What would be the smooth starting order for this 5 nodes to be in cluster dsinke3?

I am running into these issues...

  1. org.elasticsearch.cluster.block.ClusterBlockException: blocked by: [SERVICE_UNAVAILABLE/1/state not recovered / initialized];
  2. org.elasticsearch.transport.ConnectTransportException: [][xxx.xxx.197.15:9200] handshake_timeout[1.6m]
  3. [o.e.d.z.UnicastZenPing ] [node-3] [6] failed to ping

Please help.

Thanks in advance, dp

As you have 5 master eligible nodes, minimum_master_nodes should be set to 3, not 2. With the current configuration you could end up with a split cluster.

Hi Christian,

Thanks for response.

I updated the discovery zen minimum master nodes to 3.

and reduced the timeouts to 10s. I am getting the below error.

[node-4] [13] failed to ping {#zen_unicast_xxx.xxx.197.18:9200_0#}{z5D73ZMaQbSqgfJcrq9t3A}{xxx.xxx.197.18}{xxx.xxx.197.18:9200}
org.elasticsearch.transport.ConnectTransportException: [][xxx.xxx.197.18:9200] handshake_timeout[10s]

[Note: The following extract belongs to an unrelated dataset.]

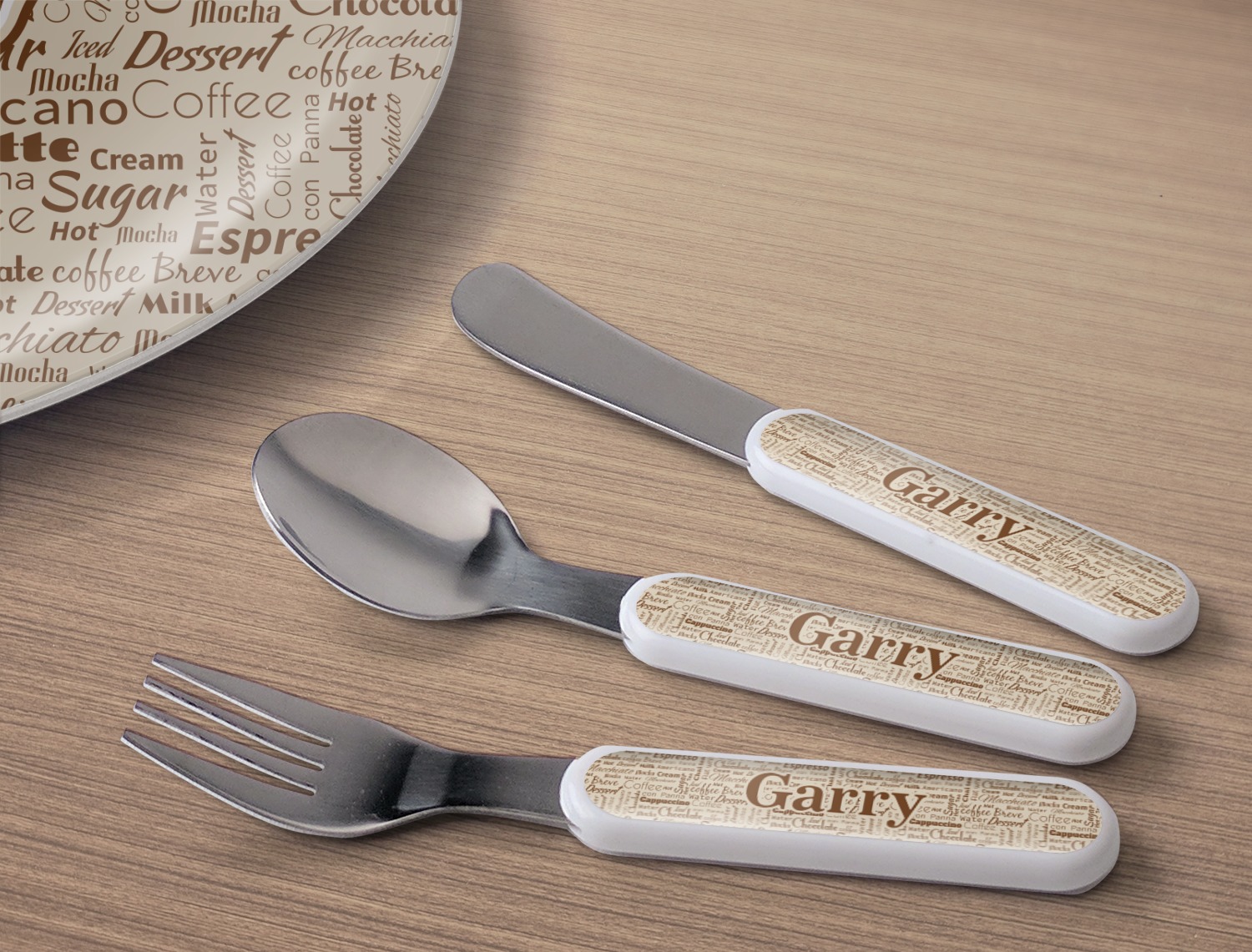 This set of kids' silverware includes a 5.5 inch spoon, fork, and knife, catered to your little one's needs. The prongs of this fork are flat and dull, while our spoon is small enough for tiny mouths, and the dullness of the knife itself resembles a butter knife, at most. These kids' utensils are made of stainless steel, while the handles are crafted from a durable plastic that will withstand the energy and use of your young one. We print your customization across the handles, making the cutlery set unique to your child only.

I also see the below exception in logs...

[2017-05-20T19:55:35,600][WARN ][o.e.t.n.Netty4Transport ] [node-5] exception caught on transport layer [[id: 0x9445bdb5, L:/10.156.197.18:34094 - R:/10.156.197.15:9200]], closing connection
io.netty.handler.codec.DecoderException: java.io.StreamCorruptedException: invalid internal transport message format, got (48,54,54,50)

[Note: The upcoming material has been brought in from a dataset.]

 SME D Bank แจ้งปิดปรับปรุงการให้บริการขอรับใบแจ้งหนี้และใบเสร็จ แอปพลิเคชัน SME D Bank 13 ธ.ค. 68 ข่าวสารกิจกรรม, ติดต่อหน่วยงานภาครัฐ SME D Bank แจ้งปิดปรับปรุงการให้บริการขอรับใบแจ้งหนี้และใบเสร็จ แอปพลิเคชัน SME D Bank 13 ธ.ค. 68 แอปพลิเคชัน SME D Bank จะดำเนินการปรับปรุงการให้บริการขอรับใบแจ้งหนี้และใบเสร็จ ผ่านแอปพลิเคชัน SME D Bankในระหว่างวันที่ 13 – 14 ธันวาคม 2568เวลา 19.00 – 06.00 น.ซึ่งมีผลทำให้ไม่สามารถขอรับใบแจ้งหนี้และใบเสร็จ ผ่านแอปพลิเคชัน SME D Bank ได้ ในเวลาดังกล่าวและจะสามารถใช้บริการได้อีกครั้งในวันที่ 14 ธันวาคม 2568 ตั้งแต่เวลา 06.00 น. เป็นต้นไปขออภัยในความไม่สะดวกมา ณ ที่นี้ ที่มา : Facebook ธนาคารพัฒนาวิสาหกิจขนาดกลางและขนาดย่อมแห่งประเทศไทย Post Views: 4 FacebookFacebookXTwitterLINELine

The below log statement repeating every few sec.
[o.e.d.z.ZenDiscovery ] [node-3] not enough master nodes discovered during pinging (found [[Candidate{node={node-3}{KtGoZr7YSmeTuMHTMquQJQ}{nso4kJ5qSzag5zE2sRZ3Sw}{xxx.xxx.197.16}{xxx.xxx.197.16:9300}, clusterStateVersion=-1}]], but needed [3]), pinging again

I do see telnet at port 9200 && 9300 are good.

Unicast port should be 9300, not 9200, as this is the HTTP port.

1 Like

Hi Christian,

I removed :9200 from

discovery.zen.ping.unicast.hosts:

Its started working.

Thanks for your help.
-dp

This topic was automatically closed 28 days after the last reply. New replies are no longer allowed.